We saw how "Great Caesar's Ghost" was a sort of visual pun, a cliché brought to life (or to death, I guess we should say). There are others, like the opera couple in the graveyard. They are commonly called "phantoms of the opera." It's a pun made possible by the fact that the title "Phantom of the Opera" standing alone is actually better known than the literary (and cinematic, and musical) work by that name. That's not unusual. How many of you have read War and Peace? Oh dear. That's pretty pathetic. Well, how many of you would recognize a pun on "War and Peace" if you saw it? You know, let's say someone decides to do an article on fast-food franchises serving military bases and entitles the article, "War and Pizza." You'd have no problem getting the joke. (Actually laughing at it might be a tougher assignment.)
One thing that the pair does not represent is, "It ain't over 'till the fat lady sings." Someone might think that this is the cliché represented here as a visual pun—with "over" understood in a particularly macabre sense—because the operatic duo really are near the end of the ride, but the "fat lady" phrase appears to be a recent coinage, not firmly attested earlier than the mid-1970's.

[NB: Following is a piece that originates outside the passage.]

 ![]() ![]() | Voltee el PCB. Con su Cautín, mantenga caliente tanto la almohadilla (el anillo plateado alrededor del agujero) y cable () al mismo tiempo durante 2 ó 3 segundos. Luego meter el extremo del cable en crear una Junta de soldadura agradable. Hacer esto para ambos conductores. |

The phantoms of the opera went from Marc Davis's original sketch to maquettes to finished figures with less alteration than practically any other characters in the HM. Marc just flat-out nailed it, and no one could improve on it. It almost makes these characters boring to blog about. They sure are fun to look at, though.
(see below *)
Note the caption on this 1969 postcard:
If they're fun to look at, they're even more fun to listen to. For some unfathomable reason, the WDW Mansion has replaced the original with a new recording, but thankfully, Disneyland still has the original, recorded Feb 13, 1969. The singers were Bill Reeve and Loulie Jean Norman Price. The music director, Buddy Baker, knew that these two were seasoned professionals and that they had the basic "Grim Grinning Ghosts" tune down pat, but he told them they were supposed to be some kind of nut cases and that they should improvise freely. Go on kids. Get crazy. He needn't have worried. They weren't shy. Or maybe they were drunk? Whatever it was, they gleefully jumped in and delivered a performance right out of the locked ward. Both singers are great, but I think the female half steals the show. Shhhhh...listen!

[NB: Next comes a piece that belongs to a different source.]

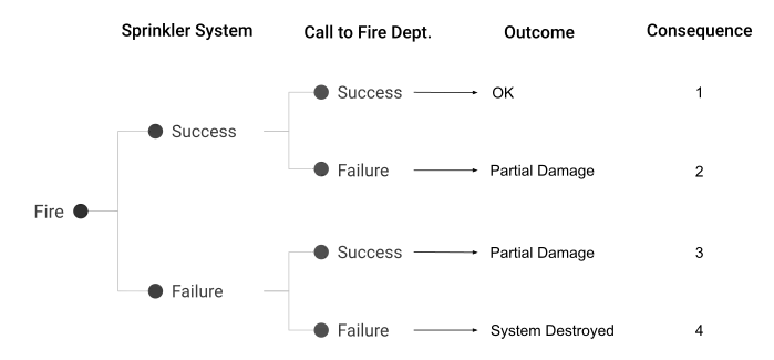 An event tree visually displays all events that occur within a system. It starts off with an initiating event, then branches develop as various consequences of the starting event. These are represented in a number of different paths, each associated with a probability of occurrence. As mentioned previously, the tree works on a binary logic, so each event either succeeds or fails.

You've heard the warbling soprano of Loulie Jean Norman Price before. You know the warbling soprano in the background of the Tokens' famous hit, "The Lion Sleeps Tonight"? Yeah, that's her. The warbling soprano you hear in the Star Trek theme? That's our Loulie. Around Hollywood, it seems she was the go-to girl for warb. sop., especially if you wanted a faintly spooky edge. All kidding aside, the lady had a great set of pipes. She had a long professional career, at Disney and elsewhere. There is a rather charming memorial site for LJNP, who died in 2005.